June 9, 2005

To have “rińones” (kidneys) in Venezuela means to have audacity,
gall. I was going to write about the CNE and what they handed over to the
political parties in terms of voter data, but Petkoff in today’s Simon
Bocanegra couldn’t have said it better.

The “kidneys” of Jorge Rodriguez

The CNE decided to hand over to political parties the
electoral registry. It was an act of exquisite cynicism. What the parties
received was a list of 14 million people, without any other data accompanying the
names. Nothing. Not an address, nor location and number of voting booth, nor members
of that voting table. In other words, what was handed out is useless. It not
only violates the Suffrage law (art. 95), that taxatively establishes what the
electoral registry is and the data that should compose it, but at the CNE they
must think we Venezuelans have never voted.

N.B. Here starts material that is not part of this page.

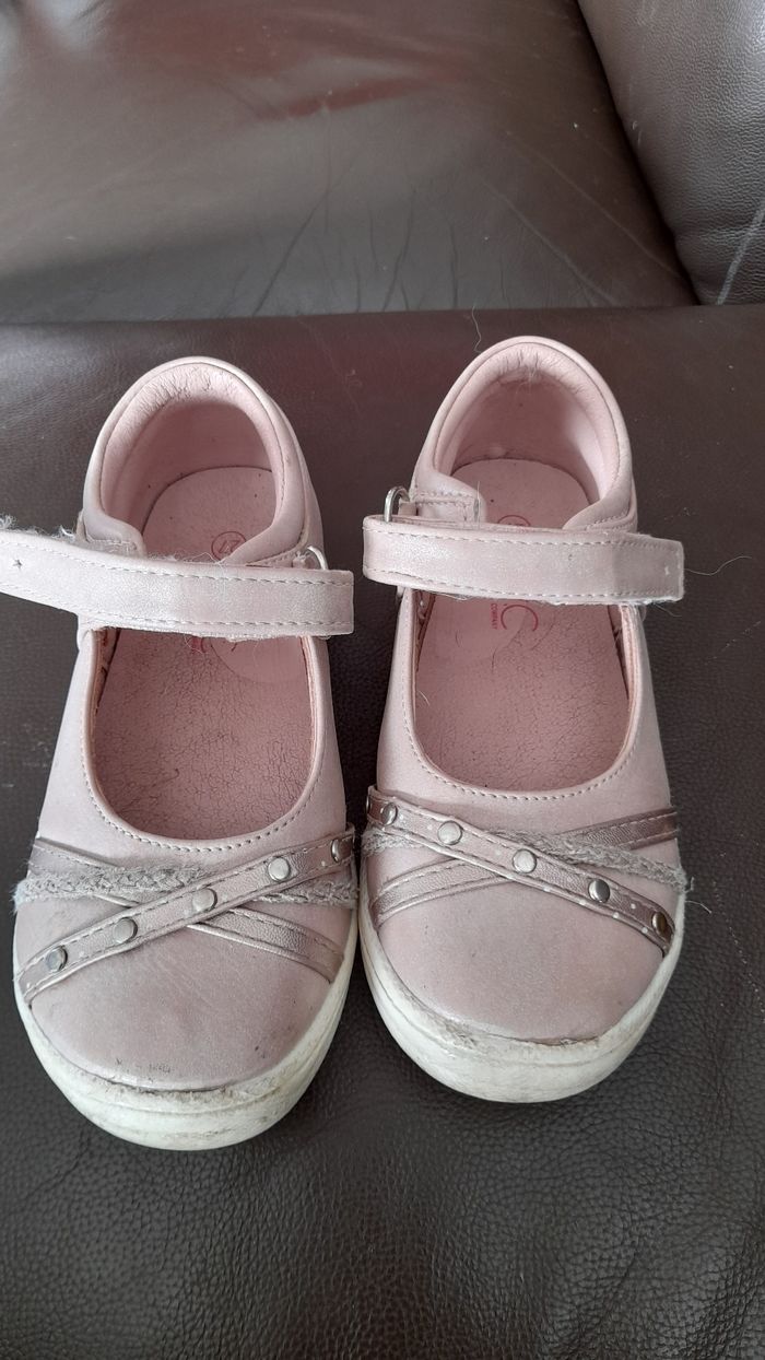 Ballerine cuir, fermeture par velcroc, couleur rose poudrée, 27

We have been voting here for half a century and always,
always, the electoral register had the essential data of the voters, the
diffusion of which, moreover, does not damage neither the honor nor the reputation
of anyone. But the most shameful part was the argument used to justify such an
arbitrary act.

There is, according to the CNE, a decision by the Supreme
Court that orders protecting the data of citizens that it can not be handed
over to anyone without the authorization of those affected. Thus, the same CNE
that was itself dauntless in the face of the Tascon list and that even has not
been able to demonstrate that it did not come out of its womb, now is the jealous
guardian of the privacy of the voters. The kidneys of Jorge Rodriguez are such that
they should be preserved at a museum.